• Administrative databases;
  • Bayesian latent class models;
  • Diagnosis;
  • Misclassification;
  • Prevalence;
  • Robustness;
  • Sensitivity;
  • Specificity

Summary Because primary data collection can be expensive, researchers are increasingly using information collected in medical administrative databases for scientific purposes. This information, however, is typically collected for reasons other than research, and many such databases have been shown to contain substantial proportions of misclassification errors. For example, many administrative databases contain fields for patient diagnostic codes, but these are often missing or inaccurate, in part because physician reimbursement schemes depend on medical acts performed rather than any diagnosis.

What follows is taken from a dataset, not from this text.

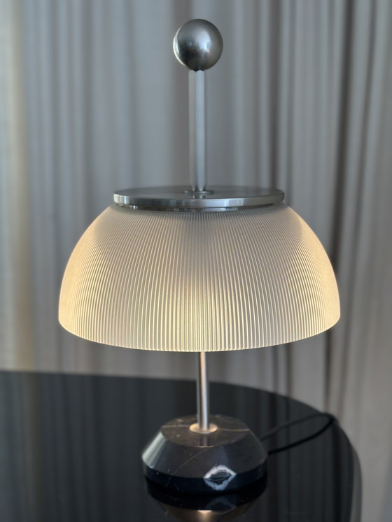 Deze Artemide Alfa Tavolo tafellamp is een moderne klassieker, ontworpen door Sergio Mazza. Hij heeft een strakke metalen structuur met een verfijnde marmeren voet en een glazen kap die een zacht, sfeervol licht uitstraalt. Perfect om een vleugje elegantie toe te voegen aan elke kamer, combineert deze lamp functionaliteit met stijlvol design. Ideaal voor moderne interieurs, valt hij op door zijn unieke vorm en hoogwaardige materialen.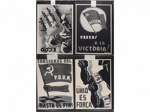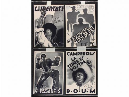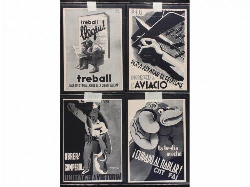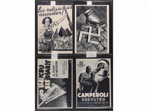 1937 ca. POSTALES. (GUERRA CIVIL). COLECCIÓN COMPLETA DE 20 POSTALES DEL COMISARIAT DE PROPAGANDA DE LA GENERALITAT DE CATALUNYA. Todas con propaganda anti fascista, llamamientos a la lucha y la resistencia. 20 Postales en b/n presentadas en hojas de álbum, buena conservación.

Errors in ascertaining which individuals have a given disease bias not only prevalence estimates, but also estimates of associations between the disease and other variables, such as medication use. We attempt to estimate the prevalence of osteoarthritis (OA) among elderly Quebeckers using a government administrative database. We compare a naive estimate relying solely on the physician diagnoses of OA listed in the database to estimates from several different Bayesian latent class models which adjust for misclassified physician diagnostic codes via use of other available diagnostic clues. We find that the prevalence estimates vary widely, depending on the model used and assumptions made. We conclude that any inferences from these databases need to be interpreted with great caution, until further work estimating the reliability of database items is carried out.